Подумал о том, что совершил ошибку, пытаясь искать самого себя в женщине, в посторонних предметах, в отношении к этому бичу, в сравнении с ним: а как бы он поступил, находясь на его месте? Надо бы искать себя в самом себе и не виниться в том, что руки кривые, ботинки на ногах очень тесные, а на кухне перегорел утюг. Как не винить соседа, капитана парохода, директора универмага, жэковского электрика. Во всем худом, что происходит с человеком, виноват сам человек.
– Вот и шапка нашлась! – весело проговорила Ольга, глядя на бича.
Что шапка? Ох, если бы наши находки были равными нашим потерям. И не стоит ставить себя на место школяра, которому дозволено все, – он может и приударить за своей одноклассницей, и влюбиться в учительницу, и признаться в нежности к пионервожатой – для него все сойдет, все простительно. А для Суханова? Каждому свое: одним – сухое жаркое лето, розовые зори и тихая благостность вечеров, другим – мозготная холодная осень, дожди, пузырящиеся лужи, ревматическая ломота в ногах. Никакое ожидание чуда не спасает. У школяра ведь как? У него все обычно – как, собственно, у всякого обычного человека: кончается детство – начинается любовь, кончается любовь – начинается привязанность, кончается привязанность – что начинается? Скорее всего, неверность. Счастлив тот, кто ничего не знает о неверности близкого человека. Впрочем, какое уж это счастье – быть слепым?
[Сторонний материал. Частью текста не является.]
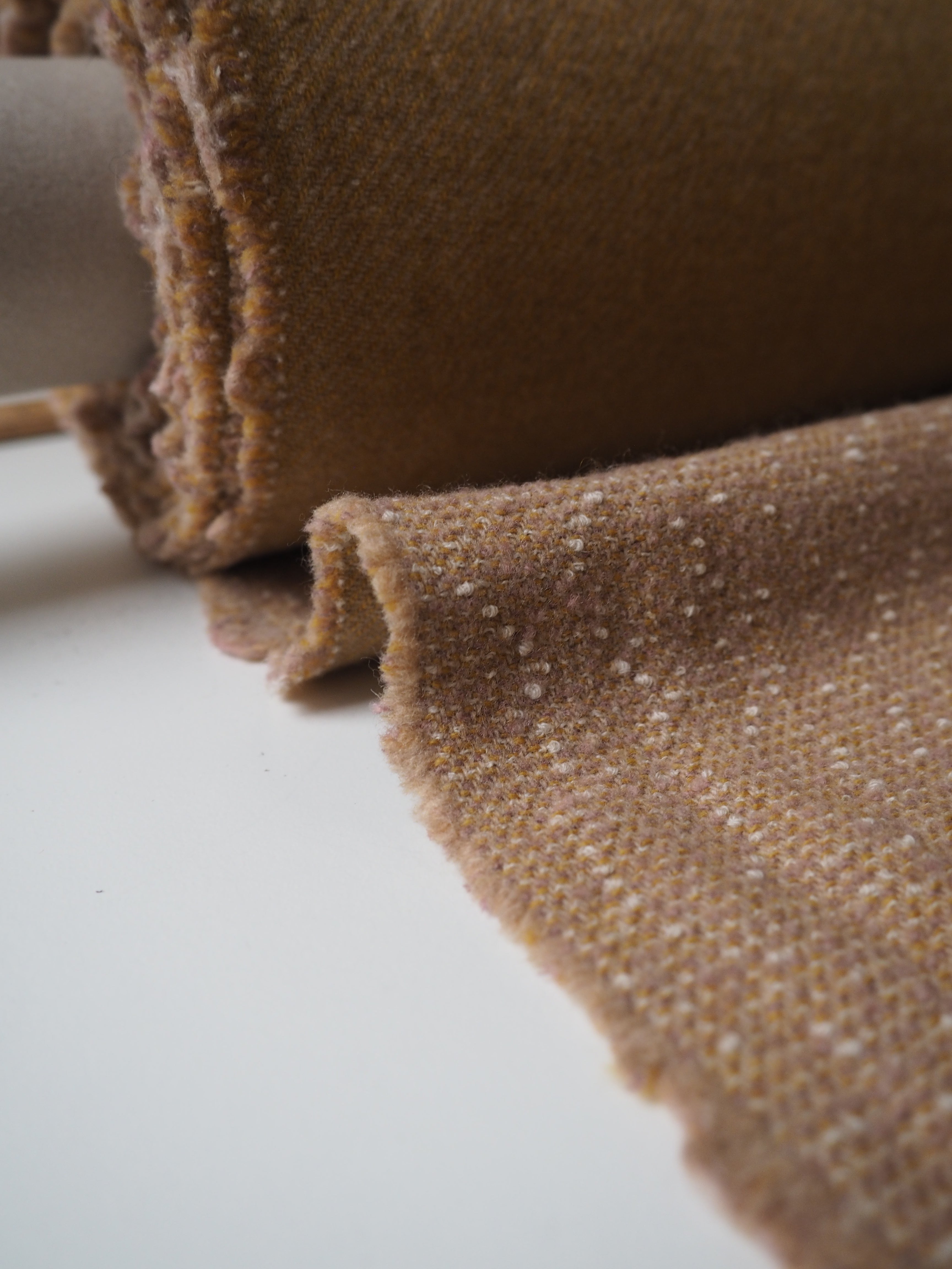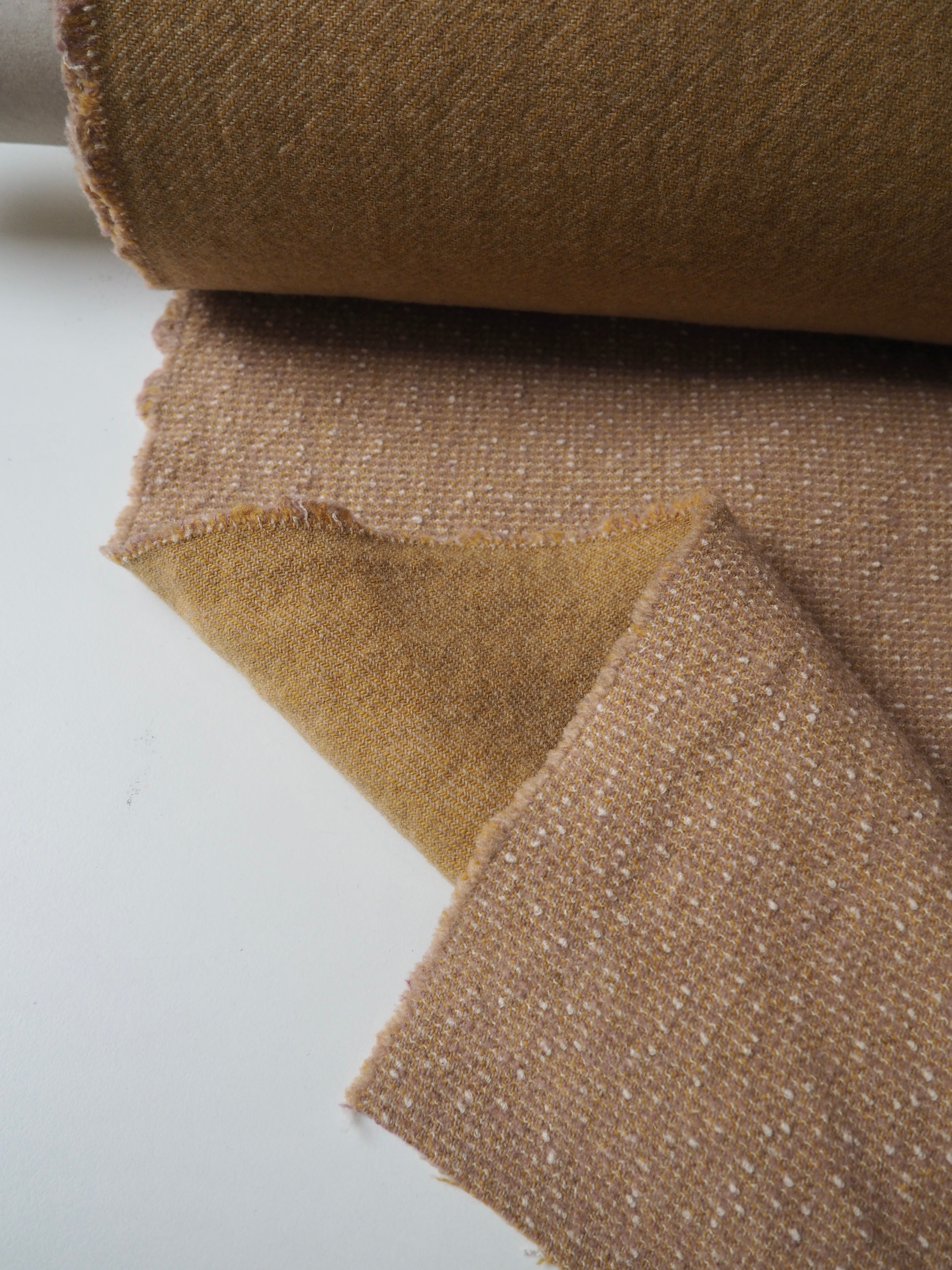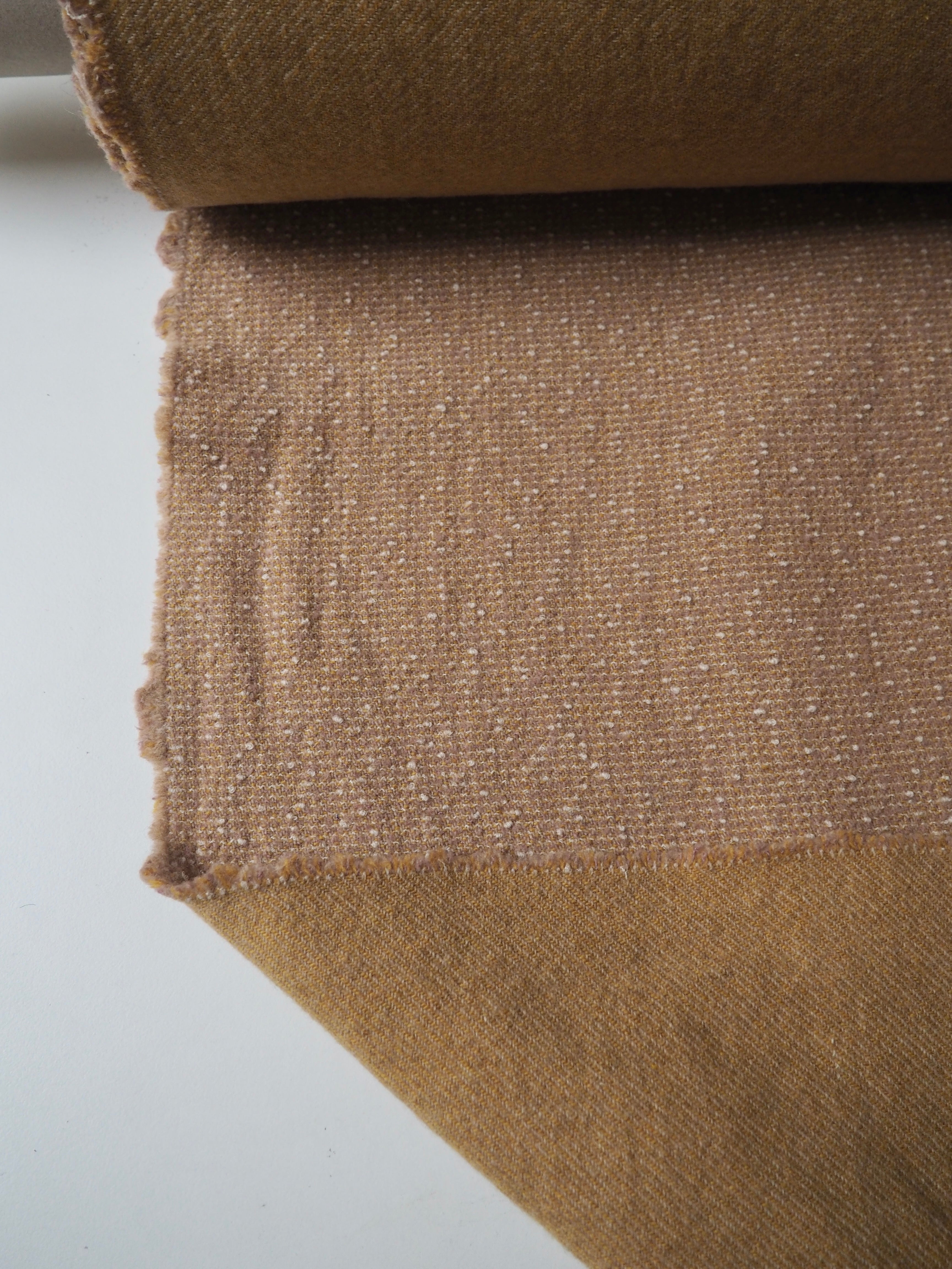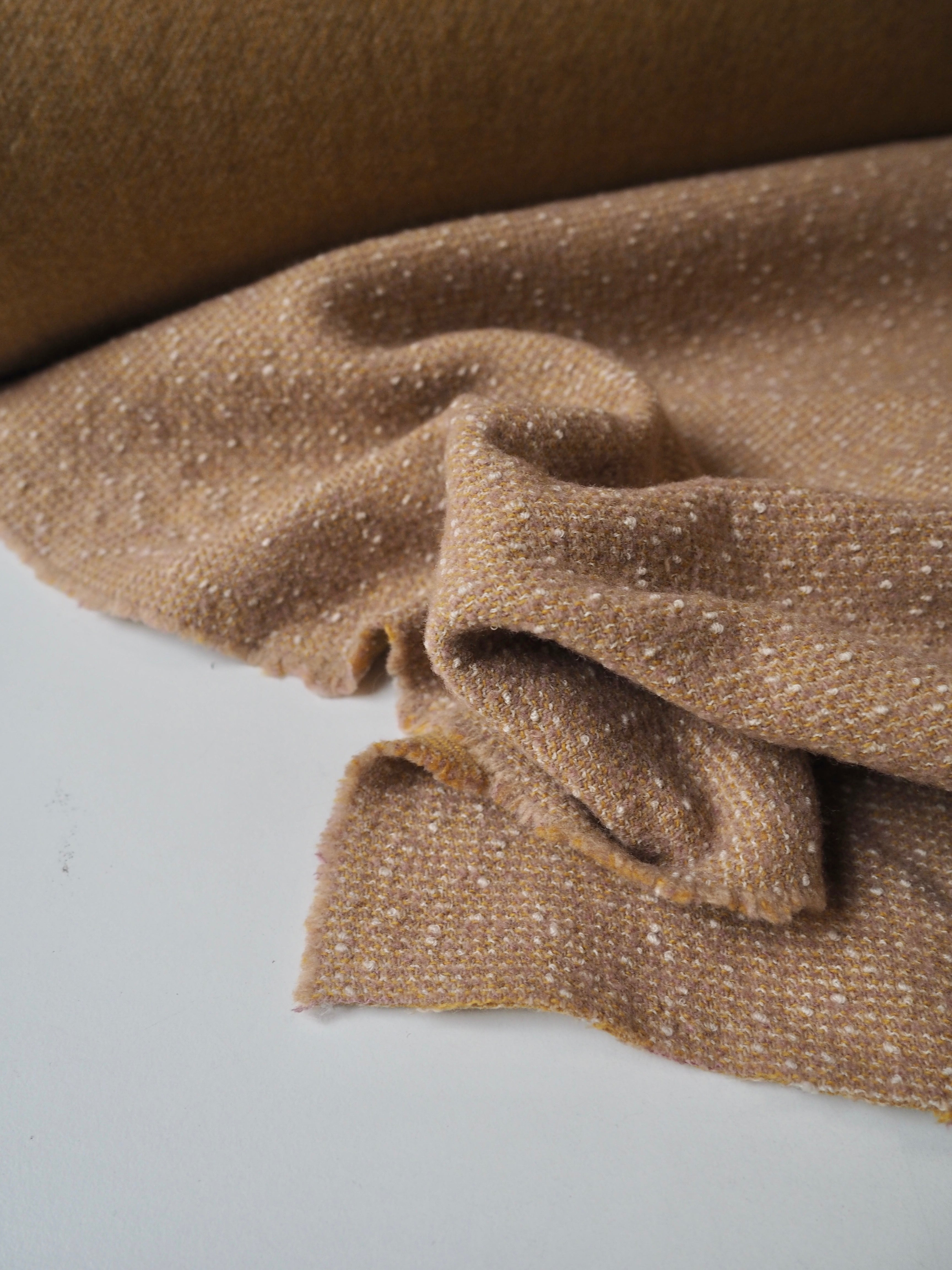 This ex-designer fabric is a bouclé coating. It's double-faced, with a twill weave one side, and a bouclé marl with subtle pink on the other side. It's so soft and woolly on both sides. It has a nice and interesting texture, has a great structure, and is medium to heavy weight. Perfect for a coat or jacket!

Что-то затянулся у него нынешний день.
– Помни о красной чайке! – сказала Ольга.
– Помню. Моя игра – беспроигрышная. – Суханов хлопнул ладонью о ладонь, удар был громким, будто выстрел из дуэльного пистолета, из которого Суханов пробовал как-то пальнуть по пролетающей вороне. Пистолет, купленный им за триста рублей в комиссионке, стрелял исправно, но ствол у него был кривым, смотрел в сторону, мушка скособочена, и стрелять из него, наверное, лучше всего было рублеными гвоздями, но никак не прокатанными вручную свинцовыми пулями. Хотя, что гвозди, что пули, результат все равно один – мимо. – Красных чаек нет. Ни один мореход, плавающий в Арктике, не видел их. Нет таких чаек. – Голос у Суханова был тихим и, как показалось Ольге, рассеянным, она напряглась, чтобы услышать конец фразы, но конца фразы не последовало – Суханов замолчал.
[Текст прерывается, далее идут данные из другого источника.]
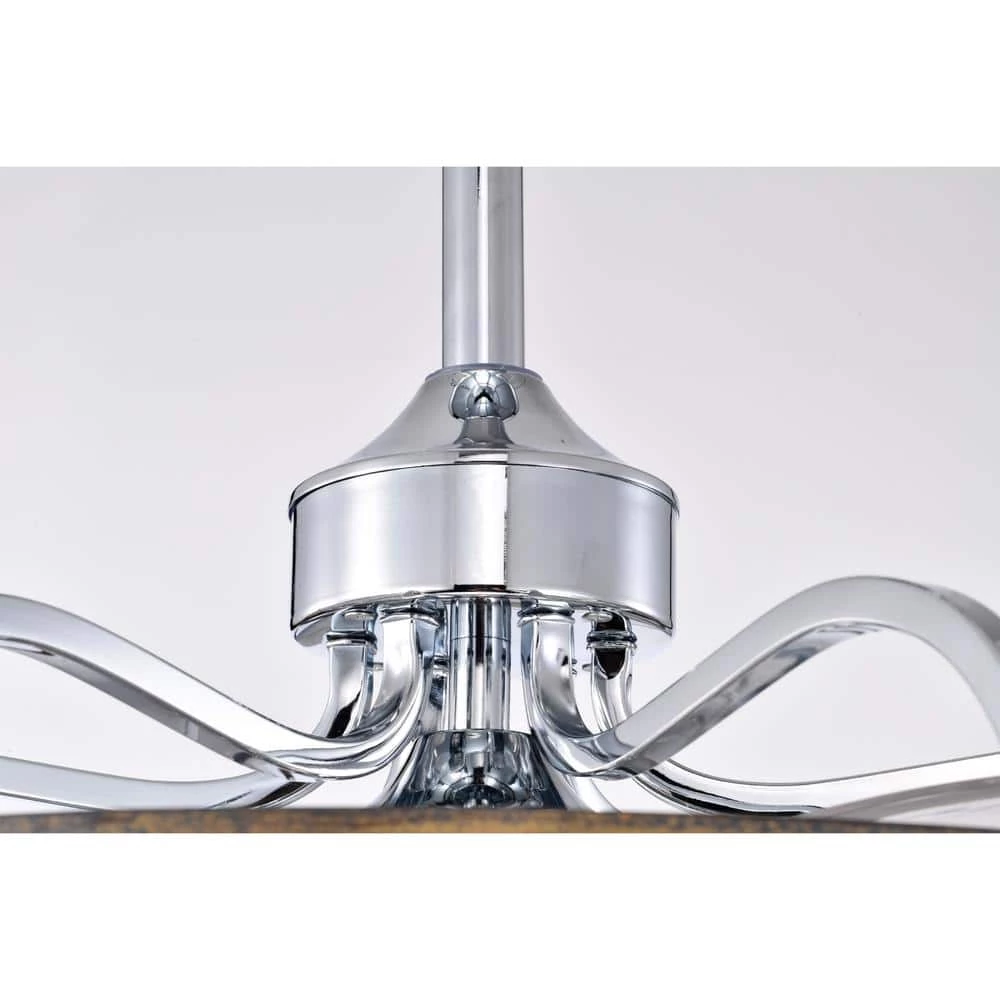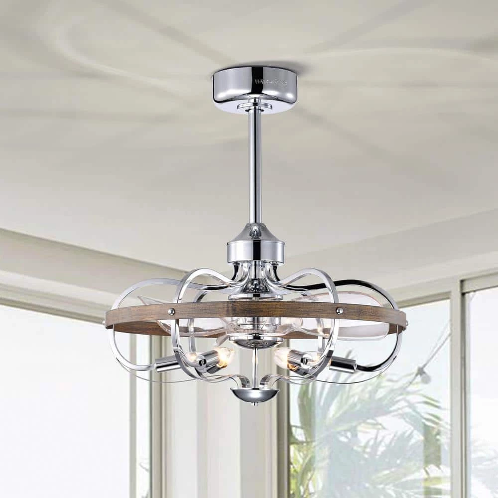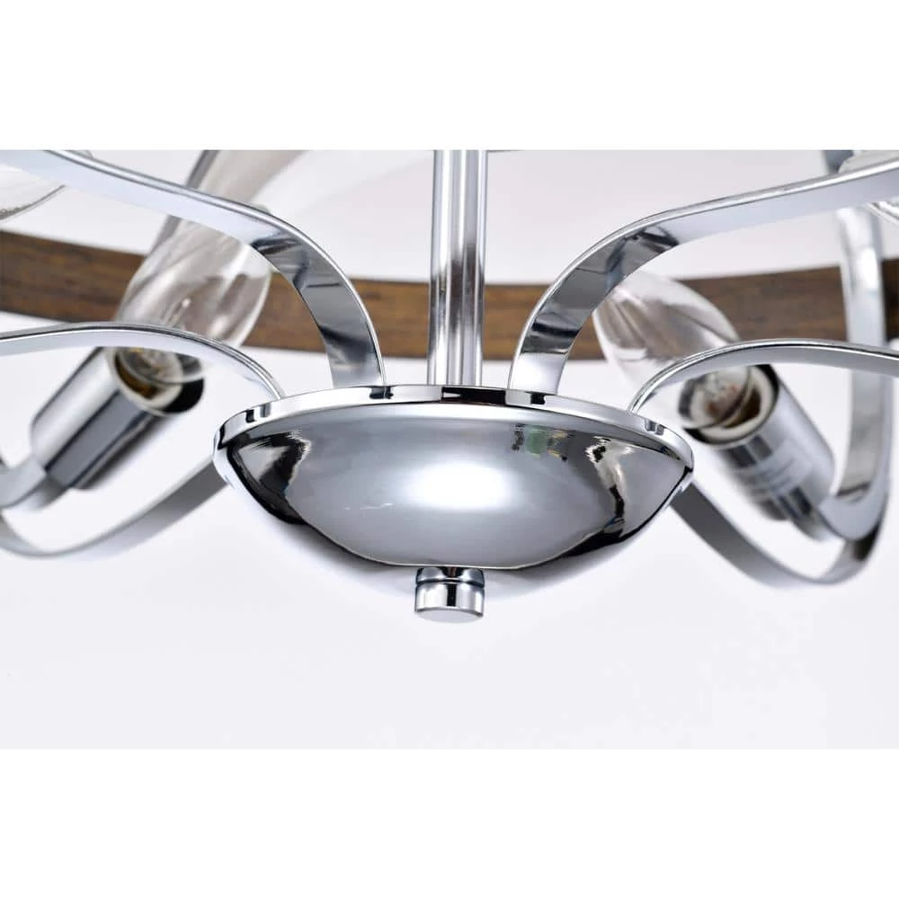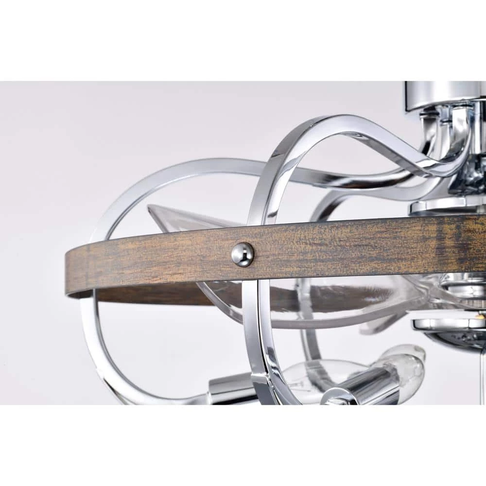 Introduce a modern farmhouse look to your home interior with our 24 in. Chrome Davina Ceiling Fan Chandelier. Finished in Chrome, this fixture includes three (3) clear blades housed in a unique shade garnished by Faux Wood Grain detailing. With six (6) airing abilities to choose from, you’re bound to find the right level of cooling comfort. Both decorative during the day and decoratively functional at night, get the best of both worlds with our 24 in. Davina Ceiling Fan Chandelier.
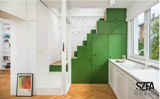 ↑設(shè)計(jì)師在樓梯下設(shè)計(jì)了隱藏收納柜,不過(guò)則跳動(dòng)的門(mén)片加上飽和的綠色,讓機(jī)能與趣味同時(shí)兼具。

Суханов был не в своей тарелке, и в этом была виновата она, на какое-то мгновение ей сделалось жаль его, но она изгнала из себя это чувство, будто рукой прихлопнула, – и Ольга и Суханов одинаково плохо относились к жалости. Ей понятно было состояние Суханова, так же как понятно и другое – никакая помощь ему сейчас не нужна, никакая и ничья, кто бы ее ни предлагал. В том числе и помощь Ольги.
– Любой твой проигрыш, Ольга, – это выигрыш, – проговорил Суханов, не обращаясь к Ольге, от этого у нее в груди сделалось тесно и холодно, словно бы в легких застрял морозный плотный воздух. Ольга качнула головой несогласно и начала думать о Вадиме.
Думала о Вадиме, а рядом с нею шагал Суханов.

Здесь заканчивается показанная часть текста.